5 property investing mistakes to avoid as a parent

Josh Masters

Author, Director and Founder, BuySide Buyers Agency

Josh Masters, Buyers Agent at Buyside explains five property investing mistakes to avoid as a parent. 

What if they can’t get in to the market?

What if they can never afford a property?

What if they have to rent for their whole lives?

Having recently interviewed a number of our top clients to really understand what was driving them to invest in property, many stated clearly that it was about their children and the fear that they may never be able to get a foothold.

While many of our clients were investing in property to supplement their future income in retirement, almost all of them stated that they wanted to pass something on to the kids, not just as a gift, but to give them a leg up into a market that may one day be seriously out of reach without some assistance.
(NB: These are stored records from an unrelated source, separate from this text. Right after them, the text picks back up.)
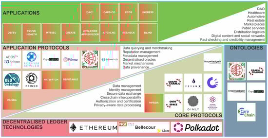 Figure 2 depicts the high-level multi-layer architecture of the ONTOCHAIN framework. The blockchain layer provides a distributed execution environment that enables access to multiple distributed ledger networks that the ecosystem stakeholders can utilize. The ontologies layer comprises novel ontologies that can be managed in a trusted and secure manner. The application and core protocols and services enable seamless interaction between the framework’s layers. Namely, these interoperability protocols offer identity management, reputation management, data provenance, market mechanisms, and other functionalities that the applications of the ecosystem can exploit.
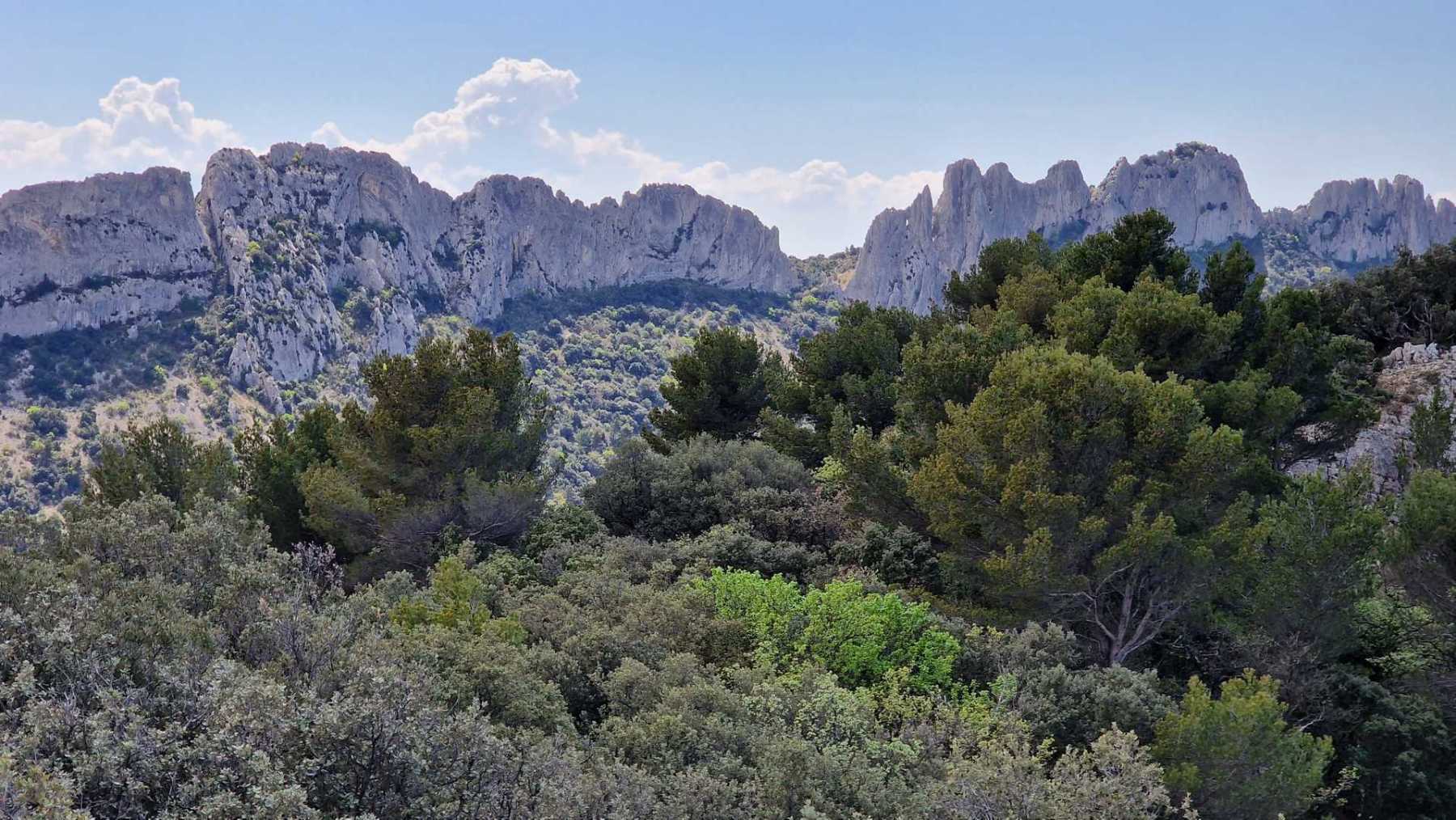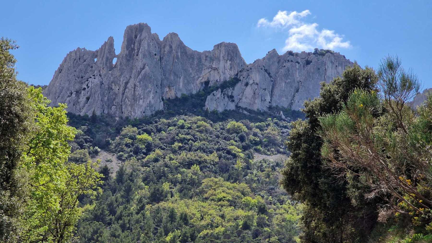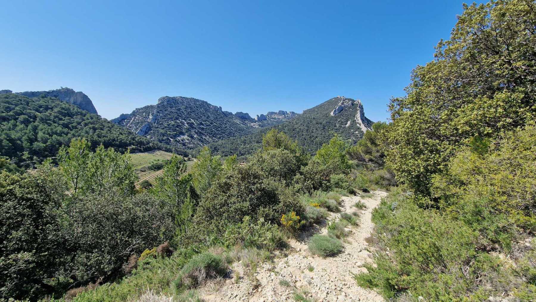 - Commentaires : Le tour des réputées dentelles de Montmirail fait environ 8 Km. Avec le circuit réalisé, un peu plus long (15 Km), on pourra les observer sous toutes ses coutures ! Le départ se fait du village de Lafare. On retrouve les points forts de la randonnée plus sportive proposée : cascade, charmante chapelle romane : la chapelle St Christophe, vue sur le Mont Ventoux. Les points de vues sur les dentelles Sarrasines depuis les crêtes au nord (Le Pourra) sont magistraux !
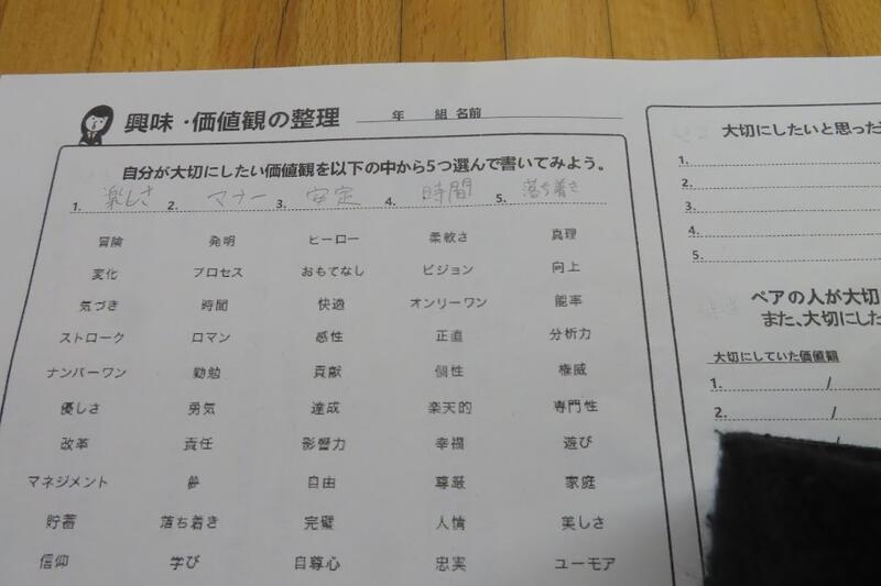 また、部活動やボランティア活動など、学校生活における経験が将来どのように役立つかという話題にも触れられました。生徒たちは、これからの学校生活で何を大切にし、どのような経験を積むべきかを考えながら、ワークに取り組んでいました。自分自身の価値観に基づいてこれからの行動を決めるというプロセスを通じて、生徒たちはこれまで以上に積極的に学んでいこうとする姿勢を見せました。
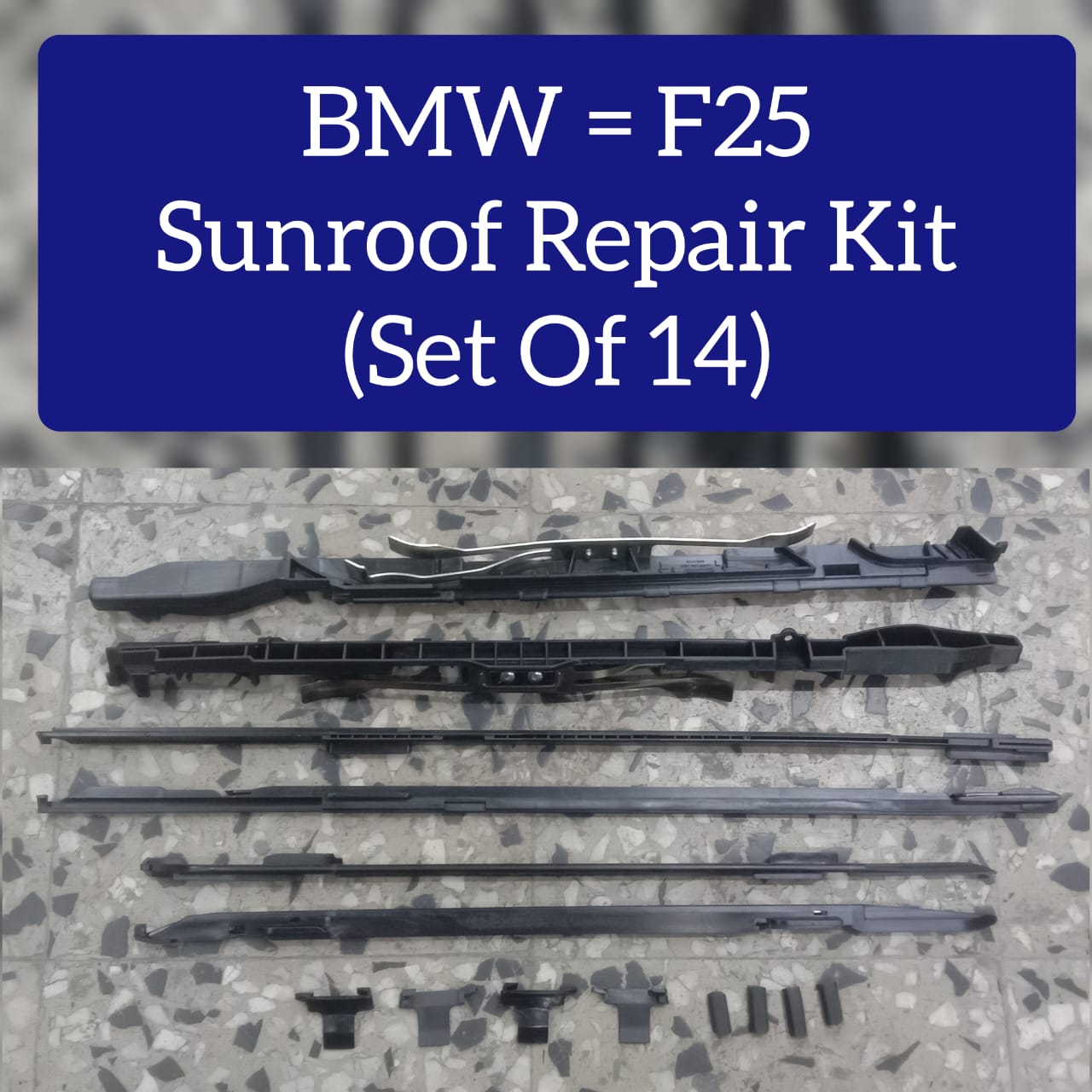 This comprehensive 14-piece sunroof repair kit is engineered specifically for BMW F25 models, delivering OEM-quality components for professional restoration. The complete set addresses common sunroof mechanism failures, including guide rails, seals, and actuator components that typically wear over time. Each part meets BMW specifications to ensure seamless integration and optimal functionality. Ideal for both authorized service centers and experienced DIY enthusiasts, this kit eliminates the need for multiple purchases and reduces downtime. Restore your sunroof's smooth operation and weathertight performance with precision-engineered replacements designed for your F25's exacting standards.
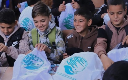 مركز الملك سلمان للإغاثة يوزع الملابس الشتوية على طلاب شمال غزة
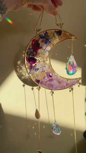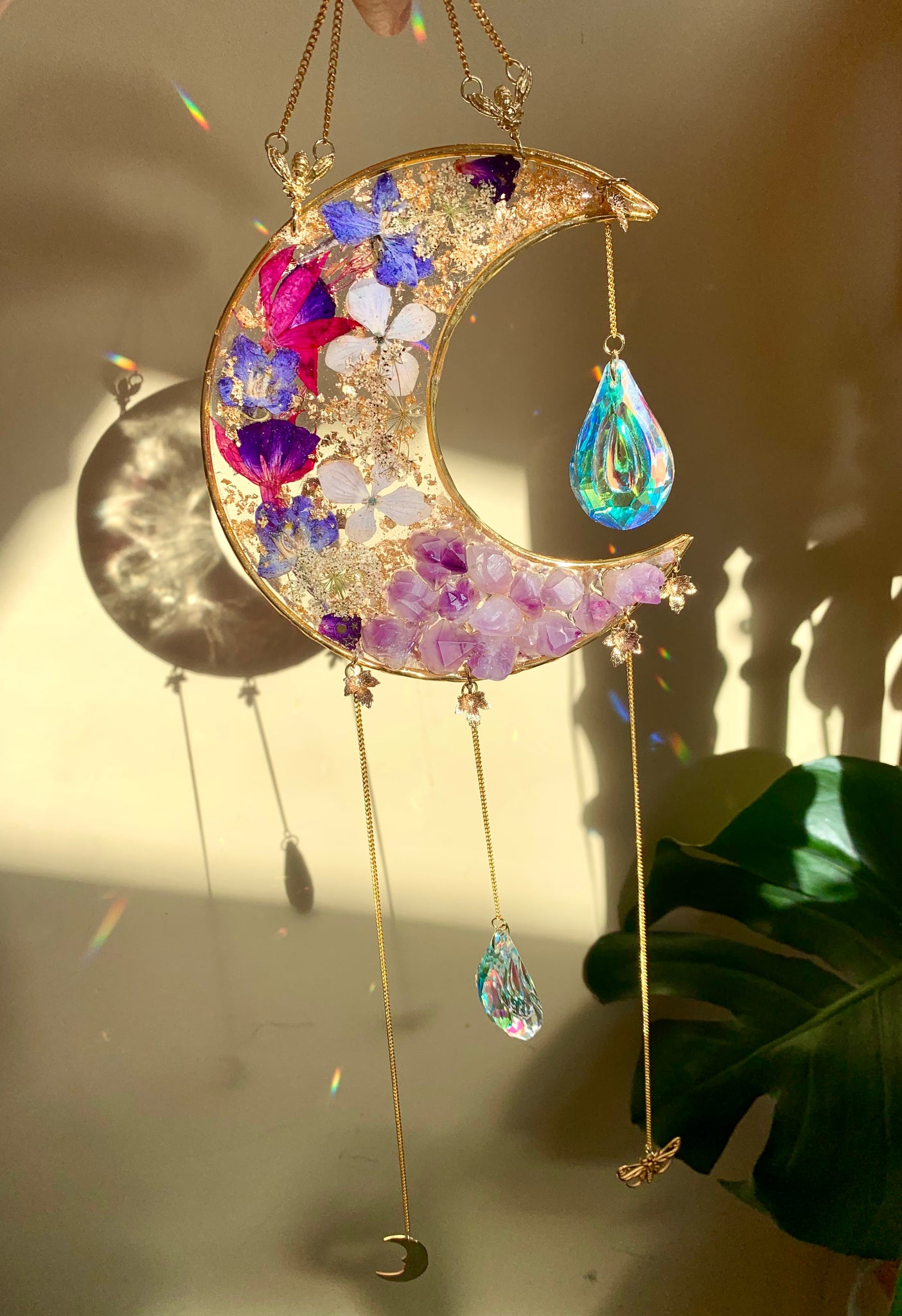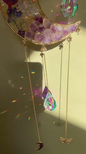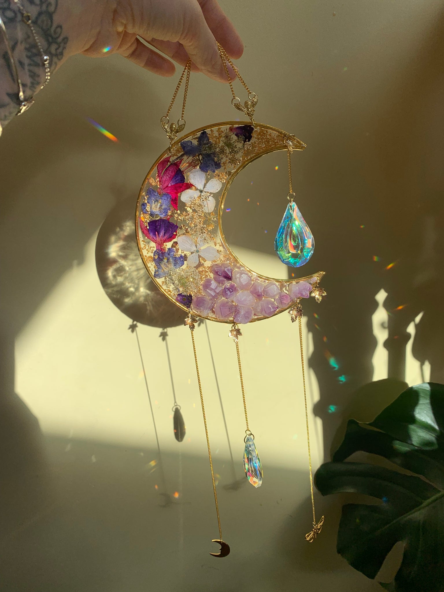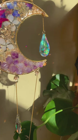 A moon filled with stunning amethyst crystals and real persevered flowers in gold leaf resin. All the beautiful flowers were handpicked on warm summer days in Wicklow Ireland.

Having had my first child only last year, I know how it feels to want to provide for the family. You don’t want to hand them their life on a silver platter and not appreciate it, but you also want to provide them with the resources that will at least give them the freedom to choose and to create a great life for themselves.

Admittedly, while parents want to help their children, that doesn’t always mean a handout. Some are happy to gift their children an investment when they come of age while others seem more inclined to pass on enough equity to provide them with the deposit they needed and have the children make the repayments.

Either way, for those parents who are considering investing in the market with their kids in mind, here are 5 of the top mistakes that you should try and avoid when investing for the offspring.

1. Buying it to live in

Despite your undying wishes to have your children live out their lives as close to you as possible, there’s a good chance that by the time they get old enough to leave home the last thing they will want to do is live in the same neighbourhood as you (which is invariably where you will probably try to buy). They will probably not even go to the school or university you think they will go to (if it’s still there) and they may not even want to live in the same city or country.

So do your child a favour and rather than think of the property as a place to move them in to, try thinking about whether it will grow in value and attract a good tenant. They’ll definitely thank you for that.

2. Not thinking about affordability

While you may want to buy in the areas you know because, well, you know them, they may not be affordable for your kids to own if, and when, you pass the property on.

You don’t want to force your kids to work day and night shifts at the local restaurant just to make the repayments. Keep the purchase price at a level where, if you wanted to hand over the reigns on the mortgage and teach them some responsibility, then it would be financially possible to do so.

3. Not focused on quality

The worst thing you could do to your children to turn them off investing for life is to give them a property that is more trouble than it’s worth.

It’s one thing to try and make repayments responsibly, but if you have the tenant from hell or a property in such a state that you could push it over in a light wind, they will only be discouraged to buy another one.

A property in any area will have a good pocket and a bad pocket regardless of price. Make sure you stick to the good pocket if you want to encourage them to buy again.

4. Chasing yield rather than growth

While it can be admirable to want to have them focus on getting a little extra cash in their pocket from an investment, the beauty of having youth on their side is that the power of compounding works so well.

Invest in an area that has a solid, long-term growth rate and while it may cost them a few hundred dollars a month to maintain, they’ll get that back in spades when they realize how much the property has risen in value. This will make it so much easier for them when it comes to stumping up a deposit on the next property – it’s the perfect leg-up that kids need to get into the market successfully.

5. Not looking at the long-term

If you play your cards right then the property you decide to hold in trust for your kids may be with them for decades. Because of this you need to take a long-term view on the purchase.

You want to make sure that you’re not buying in an area because it’s in the latest and greatest ‘hotspot’, but one that has solid, stable and consistent growth over time. It needs to be something dependable, so choose wisely and stay away from anything that glitters.

As a parent it’s natural to want to make some sacrifices for your children in order to give them a better life, but sometimes it more beneficial for them to measure the actions of the heart with the head. Think long-term and be realistic about your expectations and the responsibilities you’re hoping to pass on to them and you may set them up with some great life lessons in years to come.